I quickly pushed my father’s chain saw under the cot with my foot. “I don’t think we’re singing carols this year,” I said.
An hour before curtain time, I finally assembled my cast for our first and only rehearsal. During practice, it became apparent that my play was essentially a one-man show—I had virtually all the lines, including the narration. This didn’t sit well with my brother and sisters and cousins who, after much pleading on my part, reluctantly agreed to participate. Despite their lack of enthusiasm, when I opened the doors that separated our family room from our living room and saw the standing-room-only crowd of aunts, uncles, cousins and neighbors, I felt confident I could pull it off.
“Good evening,” I said, speaking in what I hoped was a Southern drawl. (The prison was set on an island “off the coast” of Tennessee.) “While y’all enjoy a safe and comfortable Christmas, we have to remember that there are men, good men, rotting away in smelly prisons who are having a real sad and lonely Christmas. For some of these poor fellers, human beings all, it might just be their last Christmas ever on God’s green Earth. Welcome to the ‘Miracle in Cell 307!’” I gravely bowed.
“The Miracle in what?” I heard my father ask. Then I heard him ask, “Is that my chain saw?”
The play proceeded in fits and starts. Despite the fact that my brother, Little Nicky, the sadistic guard, took his sweet time dying after I stabbed him with the shank (I wisely decided not to use the chain saw), and my father twice tried to stop
the play (“Okay, I think we’ve seen enough”), we eventually came to the climactic scene.

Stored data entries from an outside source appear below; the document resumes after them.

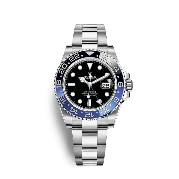 This model features a black dial and a two-colour Cerachrom bezel insert in red and blue ceramic. Designed to show the time in two different time zones simultaneously during intercontinental flights, the GMT-Master II has come to be recognized for its robustness and versatile appearance.
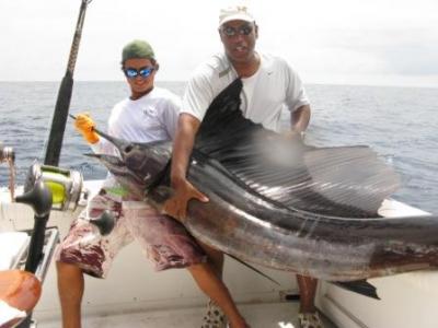 Captain Bill on the "Sailfish" went 16 for 22 on Sailfish and had 5 Sailfish and a Dorado hooked up at the same time…a sixer? This is a photo of Steve's MONSTER Sailfish. Captain Bill says 11 foot long and over 180 pounds…and Bill would know.
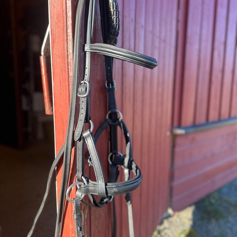 Ingen stener mangler på pannereimen og nesereimen er sydd med en pen hvit søm.

When my cousin, Big Nicky, the “strangely quiet but nice prisoner,” uttered his one line and was led away with a noose tied around his neck (while my sisters and I soulfully sang "Silent Night”), I felt we had triumphed. I stepped forward to once again narrate.
“No one knows to this day who that strangely quiet but nice prisoner was . . . the man who died for another’s sins.”
“Holy Christ!” my father gasped.
I winked. “Exactly,” I said and bowed.
There was applause, but it was less than thunderous. I looked up, confused. I had expected tears, heart-rending sobs, a standing ovation, a spontaneous singing of “Joy to the World.” Instead, I heard the sound of muffled laughter. Laughter! Through my growing shock, I saw the faces of my audience, some laughing openly, others doing their best to hide it. When my older sister proclaimed the play stupid and my cousins and brother agreed, I raced off to my room, humiliated.
I stayed there for awhile, fighting back tears and feeling very misunderstood. “Miracle” had been anything but. I started to cry. This was the worst Christmas ever, I decided.
My mother soon came upstairs and said things mothers are supposed to say, and I eventually felt better. “I thought your play was very interesting,” she said. “Though next year, you may just want to sing carols again.”
“I wanted to make this Christmas special.”
“All Christmases are special. Just having the family together makes them special. So no more violence and no more plays about prisons in Tennessee. ”
“Okay,” I sniffled.
A year later I resisted the urge to write a sequel, “Miracle in North Vietnam” (set in a POW camp in Hanoi) and wrote another Nativity musical instead. It was unremarkable and unmemorable, but everyone liked it, and we all sang “Joy to the World” at the end.